Tumne, Ashwin
(2006)
Characterization of the Cellular and Molecular Factors Mediating Antigen-Independent Noncytolytic CD8+ T Cell Suppression of HIV-1.
Doctoral Dissertation, University of Pittsburgh.
(Unpublished)
Abstract
CD8+ T cells have a little understood noncytolytic activity that suppresses human immunodeficiency type 1 (HIV-1) replication in an antigen-independent and MHC-unrestricted manner. This activity specifically inhibits transcription of the HIV-1 proviral genome. Little is understood about the molecular nature of the factor(s) mediating this potent antiviral activity of CD8+ T cells. It is known that a factor secreted by CD8+ T cells can suppress the transcription of HIV-1. However, the antiviral mechanism appears most potent with cell-to-cell contact. Previous investigations by several groups into the nature of this secreted factor have been largely based on a presumption that noncytolytic suppression of HIV-1 by CD8+ T cells is exclusively mediated by a soluble protein. Based on several lines of evidence suggesting the specific involvement of cell-contact determinants in eliciting the noncytolytic CD8+ T cell effector function against HIV-1, a novel approach to the problem was utilized based on the hypothesis that a membrane-bound factor is the prime mediator suppressing HIV-1 transcription.
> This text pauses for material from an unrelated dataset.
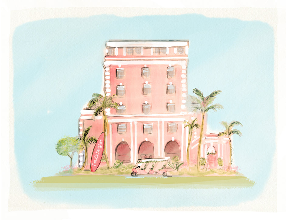Experience the unique fusion of luxury and local artistry with The Colony Hotel x Favorite Daughter collaboration. This exclusive partnership celebrates the iconic elegance of The Colony Hotel through the vibrant and captivating illustrations of renowned artist Deanna First. Commissioned to capture the timeless charm and coastal allure of The Colony Hotel, Deanna First’s artwork brings a fresh, contemporary perspective to the beloved landmark

In the ensuing investigation, evidence was uncovered demonstrating the existence of a membrane-localized HIV-1 suppressing factor that was secreted as 30-100nm spherical vesicles termed exosomes. Exosomes from a CD8+ T cell line inhibited the replication of R5 and X4 HIV-1 isolates and were shown to specifically suppress of HIV-1 transcription in acute and chronic models of infection. A much greater degree of complexity to the CD8+ T cell secreted antiviral activity was found than a soluble protein alone could account for. The evidence presented in this study suggests that CD8+ T cell suppression of HIV-1 is predominantly mediated by a membrane-bound protein factor that can be cleaved into a soluble isoform with the secreted CD8+ cell antiviral activity being largely exosome-driven. The results presented in this study provide a much more concrete understanding of the mechanisms underlying CD8+ T cells suppression of HIV-1 transcription and outline new approaches to conclusively identifying the molecular factor mediating potent inhibition of the HIV-1 transcritional promoter.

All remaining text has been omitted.